TAXPAYERS IN THE District of Columbia are in for a rude surprise if they have been counting on a completely tax-free return on All- Savers certificates and new IRAs. Unlike the federal government and the states of Maryland and Virginia, the District intends to tax interest on these investments at the full rate. This could result in a city tax liability of as much as $220 a couple for Washingtonians who have bought All-Savers certificates.
The situation is much more complicated with regard to IRAs. These new accounts, designed to encourage retirement savings, were originally available only to individuals not covered by private pension plans at work. Beginning this year, accounts can be set up by any working person. Each individual can deposit $2,000 a year and deduct that amount from federal income tax. The account draws interest that is not taxed by the IRS until funds are withdrawn after retirement. Maryland and Virginia grant the same tax breaks as the federal government. If you live in the District of Columbia, however, you will have to pay city income tax each year on both the IRA contribution and on the interest as it accrues. This is so even though money cannot be withdrawn from the account to pay the taxes without incurring a substantial penalty.
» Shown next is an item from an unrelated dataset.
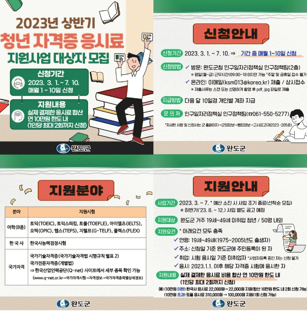 Áö¿ø ´ë»óÀº ½ÅûÀÏ ±âÁØ ¿Ïµµ±º¿¡ ÁÖ¼Ò¸¦ µÐ 19¼¼~49¼¼ ¹ÌÃë¾÷ û³âÀ̸ç, 2023³â 1¿ù 1ÀÏ ÀÌÈÄ ¾îÇÐ(8Á¾), Çѱ¹»ç, ±¹°¡ ÀÚ°ÝÁõ(±¹°¡ ±â¼ú ÀÚ°ÝÁõ, ±¹°¡ Àü¹® ÀÚ°ÝÁõ)À» ½ÇÁ¦·Î ÀÀ½ÃÇÑ Ã»³âÀÌ¸é ½ÅûÇÒ ¼ö ÀÖ´Ù.

A resident of this city who sets up an IRA and remains in the District until he dies has some complicated bookkeeping to do. He pays city taxes on contributions and interest each year, but no city taxes as he withdraws the funds after retirement. Conversely, he pays no tax to the federal government on either contributions or interest while he is working, but must pay federal income taxes on the amounts he withdraws after retirement.
But it could be worse. Consider the far more difficult situations of the District resident who moves into Maryland or Virginia after he retires. Having paid District taxes on all this money during his working years, he now finds he must pay state taxes on the same money as it is withdrawn after retirement. If you are confused by the complication and inequity of this scenerio, you are not alone.
What is the remedy? The District should make its tax forms compatible with those of the federal government. There are now more than a dozen line items on the tax return--ranging from charitable contributions to certain pensions--that are taxed one way by the federal government and another way by the District. Using the same standards, as Maryland, Virginia and a majority of the states do, would greatly simplify the task of the District taxpayer. Conformity need not result in revenue losses if tax rates are adjusted to compensate for new deductions. While the mayor has withdrawn his initial support of the concept of conformity, Councilman John Wilson says his Committee on Finance and Revenue will consider it. District residents and financial institutions in this city should make their views known. The taxpayers are entitled to simplicity and equity.